BEGIN Data shown

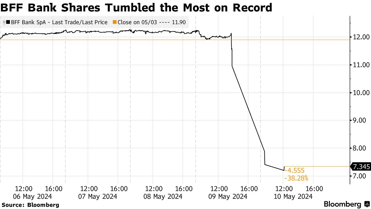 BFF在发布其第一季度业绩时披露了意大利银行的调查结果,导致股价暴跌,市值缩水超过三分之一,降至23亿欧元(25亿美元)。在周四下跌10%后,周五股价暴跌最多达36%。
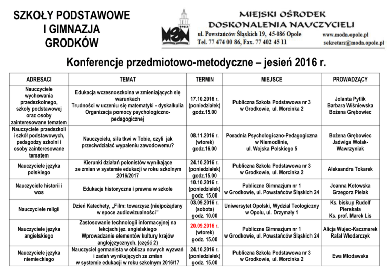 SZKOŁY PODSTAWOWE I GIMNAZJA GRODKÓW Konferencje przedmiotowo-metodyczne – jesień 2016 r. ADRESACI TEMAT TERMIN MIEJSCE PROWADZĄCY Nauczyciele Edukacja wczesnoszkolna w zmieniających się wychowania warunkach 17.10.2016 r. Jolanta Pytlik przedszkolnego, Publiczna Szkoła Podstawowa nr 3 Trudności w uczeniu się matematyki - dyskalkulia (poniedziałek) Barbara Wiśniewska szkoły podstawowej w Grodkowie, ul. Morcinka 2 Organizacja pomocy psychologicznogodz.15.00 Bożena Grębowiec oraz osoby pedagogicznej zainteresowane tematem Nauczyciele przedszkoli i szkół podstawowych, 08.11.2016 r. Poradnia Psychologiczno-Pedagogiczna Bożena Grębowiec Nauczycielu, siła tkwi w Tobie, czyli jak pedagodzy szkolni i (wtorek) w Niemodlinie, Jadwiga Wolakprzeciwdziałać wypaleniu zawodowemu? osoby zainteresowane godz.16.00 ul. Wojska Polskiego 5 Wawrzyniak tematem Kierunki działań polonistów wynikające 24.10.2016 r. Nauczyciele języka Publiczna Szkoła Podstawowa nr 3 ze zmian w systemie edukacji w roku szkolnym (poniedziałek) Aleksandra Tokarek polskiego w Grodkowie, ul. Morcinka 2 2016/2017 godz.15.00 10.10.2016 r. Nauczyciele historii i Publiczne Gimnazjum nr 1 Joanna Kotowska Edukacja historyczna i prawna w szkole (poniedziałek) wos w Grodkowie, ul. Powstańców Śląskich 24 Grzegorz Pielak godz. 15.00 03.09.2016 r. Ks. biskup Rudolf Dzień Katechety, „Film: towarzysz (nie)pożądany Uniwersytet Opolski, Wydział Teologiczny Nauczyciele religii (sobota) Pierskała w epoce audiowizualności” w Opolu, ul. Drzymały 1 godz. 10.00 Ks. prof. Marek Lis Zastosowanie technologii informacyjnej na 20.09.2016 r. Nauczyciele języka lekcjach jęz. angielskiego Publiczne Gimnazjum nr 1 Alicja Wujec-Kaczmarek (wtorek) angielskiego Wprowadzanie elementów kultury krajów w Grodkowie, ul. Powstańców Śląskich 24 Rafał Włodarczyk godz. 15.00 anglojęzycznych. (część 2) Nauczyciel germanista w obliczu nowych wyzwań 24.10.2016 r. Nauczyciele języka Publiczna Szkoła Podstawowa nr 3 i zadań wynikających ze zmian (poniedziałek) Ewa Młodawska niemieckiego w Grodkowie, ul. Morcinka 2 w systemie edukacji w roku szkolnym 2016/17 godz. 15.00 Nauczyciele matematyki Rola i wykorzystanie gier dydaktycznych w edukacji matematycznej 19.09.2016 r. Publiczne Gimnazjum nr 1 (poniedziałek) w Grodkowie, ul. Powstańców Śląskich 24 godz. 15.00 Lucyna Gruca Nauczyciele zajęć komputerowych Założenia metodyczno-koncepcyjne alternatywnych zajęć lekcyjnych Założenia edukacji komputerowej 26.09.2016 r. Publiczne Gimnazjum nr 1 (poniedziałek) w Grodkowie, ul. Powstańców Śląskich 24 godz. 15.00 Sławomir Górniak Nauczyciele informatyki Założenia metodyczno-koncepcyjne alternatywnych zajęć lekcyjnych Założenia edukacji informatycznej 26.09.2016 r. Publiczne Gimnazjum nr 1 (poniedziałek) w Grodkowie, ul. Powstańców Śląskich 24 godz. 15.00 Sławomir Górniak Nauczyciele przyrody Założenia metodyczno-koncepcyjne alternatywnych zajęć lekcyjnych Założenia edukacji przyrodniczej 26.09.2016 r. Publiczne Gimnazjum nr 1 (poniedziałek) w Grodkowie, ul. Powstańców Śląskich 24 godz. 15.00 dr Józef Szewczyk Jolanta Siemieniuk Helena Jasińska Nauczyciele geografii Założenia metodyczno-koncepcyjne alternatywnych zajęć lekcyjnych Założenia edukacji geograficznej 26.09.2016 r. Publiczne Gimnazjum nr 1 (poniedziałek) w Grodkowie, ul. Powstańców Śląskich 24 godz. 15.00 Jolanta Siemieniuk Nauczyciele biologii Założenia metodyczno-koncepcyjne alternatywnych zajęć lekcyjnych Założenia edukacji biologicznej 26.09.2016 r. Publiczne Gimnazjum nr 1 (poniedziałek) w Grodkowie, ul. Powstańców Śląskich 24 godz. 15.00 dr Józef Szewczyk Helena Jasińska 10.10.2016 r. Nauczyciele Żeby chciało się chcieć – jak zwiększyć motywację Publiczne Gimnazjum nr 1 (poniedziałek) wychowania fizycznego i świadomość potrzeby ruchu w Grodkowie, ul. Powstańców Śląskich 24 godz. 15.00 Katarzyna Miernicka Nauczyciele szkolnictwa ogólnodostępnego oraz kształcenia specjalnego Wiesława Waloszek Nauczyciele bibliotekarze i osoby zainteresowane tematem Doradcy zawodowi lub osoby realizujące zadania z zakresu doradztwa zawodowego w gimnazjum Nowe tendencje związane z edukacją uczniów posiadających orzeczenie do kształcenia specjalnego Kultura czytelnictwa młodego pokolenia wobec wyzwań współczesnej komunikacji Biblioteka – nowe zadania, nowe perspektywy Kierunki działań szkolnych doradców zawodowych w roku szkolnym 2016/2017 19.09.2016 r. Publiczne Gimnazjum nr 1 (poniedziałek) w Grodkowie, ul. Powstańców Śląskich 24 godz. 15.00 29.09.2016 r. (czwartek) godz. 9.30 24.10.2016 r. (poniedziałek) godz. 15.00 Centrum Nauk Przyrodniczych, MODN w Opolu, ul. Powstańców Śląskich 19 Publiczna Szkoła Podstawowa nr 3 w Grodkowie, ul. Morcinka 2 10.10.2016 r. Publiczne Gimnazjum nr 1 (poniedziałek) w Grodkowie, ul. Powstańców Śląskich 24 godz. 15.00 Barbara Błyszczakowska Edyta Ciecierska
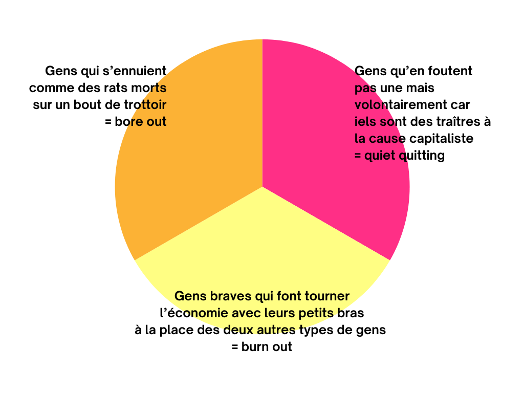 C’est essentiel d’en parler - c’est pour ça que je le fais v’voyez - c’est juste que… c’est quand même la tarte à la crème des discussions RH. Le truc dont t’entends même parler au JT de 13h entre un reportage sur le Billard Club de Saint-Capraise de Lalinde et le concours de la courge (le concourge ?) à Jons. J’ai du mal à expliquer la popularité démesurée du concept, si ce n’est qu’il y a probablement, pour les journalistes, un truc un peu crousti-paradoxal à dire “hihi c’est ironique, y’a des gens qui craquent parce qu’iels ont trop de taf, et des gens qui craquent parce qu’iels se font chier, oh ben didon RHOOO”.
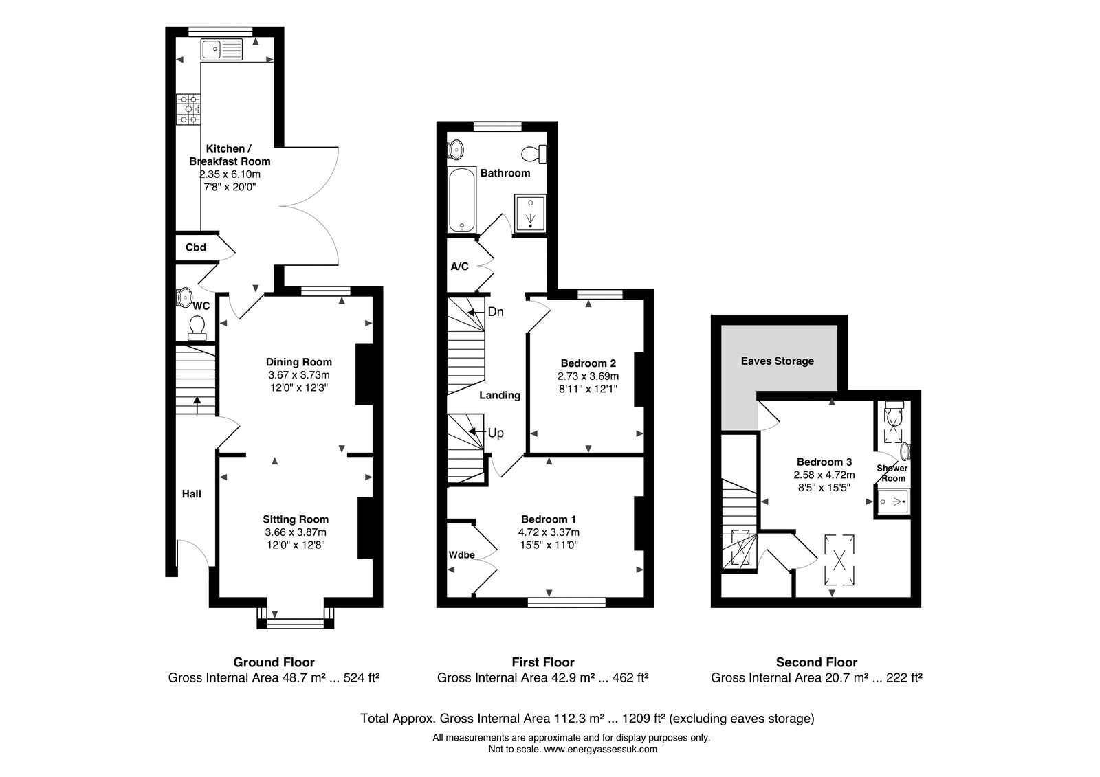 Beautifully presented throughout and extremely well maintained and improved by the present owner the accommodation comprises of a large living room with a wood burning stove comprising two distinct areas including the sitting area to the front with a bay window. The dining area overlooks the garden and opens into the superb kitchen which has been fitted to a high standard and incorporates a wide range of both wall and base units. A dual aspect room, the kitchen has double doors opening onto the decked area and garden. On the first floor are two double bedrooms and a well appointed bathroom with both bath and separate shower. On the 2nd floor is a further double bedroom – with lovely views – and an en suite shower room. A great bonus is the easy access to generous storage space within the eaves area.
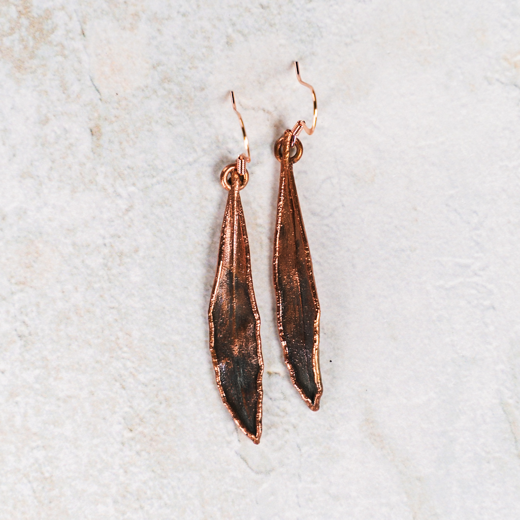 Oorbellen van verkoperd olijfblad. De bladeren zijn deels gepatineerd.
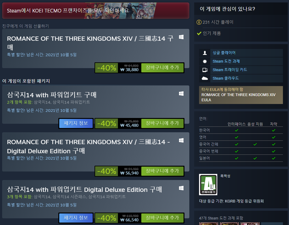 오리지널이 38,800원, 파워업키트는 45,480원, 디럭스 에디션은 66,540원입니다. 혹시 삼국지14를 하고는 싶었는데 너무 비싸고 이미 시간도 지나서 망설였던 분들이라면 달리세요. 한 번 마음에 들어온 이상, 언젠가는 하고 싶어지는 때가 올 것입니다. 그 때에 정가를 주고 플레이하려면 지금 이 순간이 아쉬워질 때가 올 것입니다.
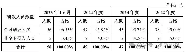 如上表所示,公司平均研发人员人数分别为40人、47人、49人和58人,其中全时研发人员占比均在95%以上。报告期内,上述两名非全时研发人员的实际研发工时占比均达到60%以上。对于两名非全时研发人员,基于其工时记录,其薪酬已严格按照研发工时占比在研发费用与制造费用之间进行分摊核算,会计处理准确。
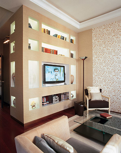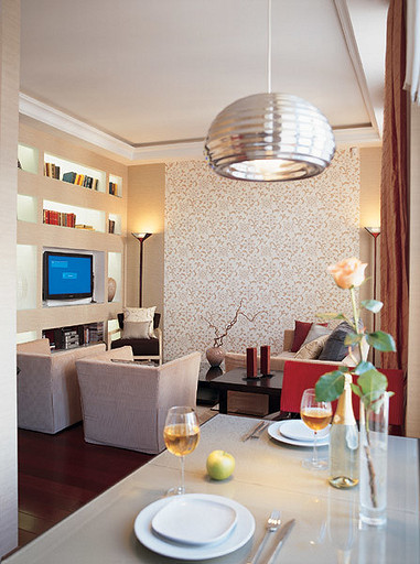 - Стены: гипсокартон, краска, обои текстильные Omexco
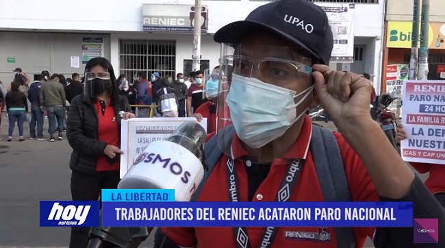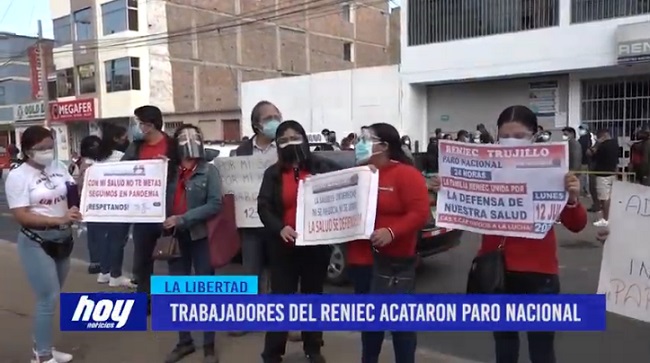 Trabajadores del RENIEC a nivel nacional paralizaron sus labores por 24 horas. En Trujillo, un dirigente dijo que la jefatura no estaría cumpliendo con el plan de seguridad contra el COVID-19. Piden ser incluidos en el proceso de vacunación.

END Data shown

» Goal of the exercise
Nothing but the lines from the one containing "如上表所示,公司平均研发人员" through the last line of the material may appear in the answer, transcribed exactly and with no pictures.

» Your response
 如上表所示,公司平均研发人员人数分别为40人、47人、49人和58人,其中全时研发人员占比均在95%以上。报告期内,上述两名非全时研发人员的实际研发工时占比均达到60%以上。对于两名非全时研发人员,基于其工时记录,其薪酬已严格按照研发工时占比在研发费用与制造费用之间进行分摊核算,会计处理准确。
 - Стены: гипсокартон, краска, обои текстильные Omexco
 Trabajadores del RENIEC a nivel nacional paralizaron sus labores por 24 horas. En Trujillo, un dirigente dijo que la jefatura no estaría cumpliendo con el plan de seguridad contra el COVID-19. Piden ser incluidos en el proceso de vacunación.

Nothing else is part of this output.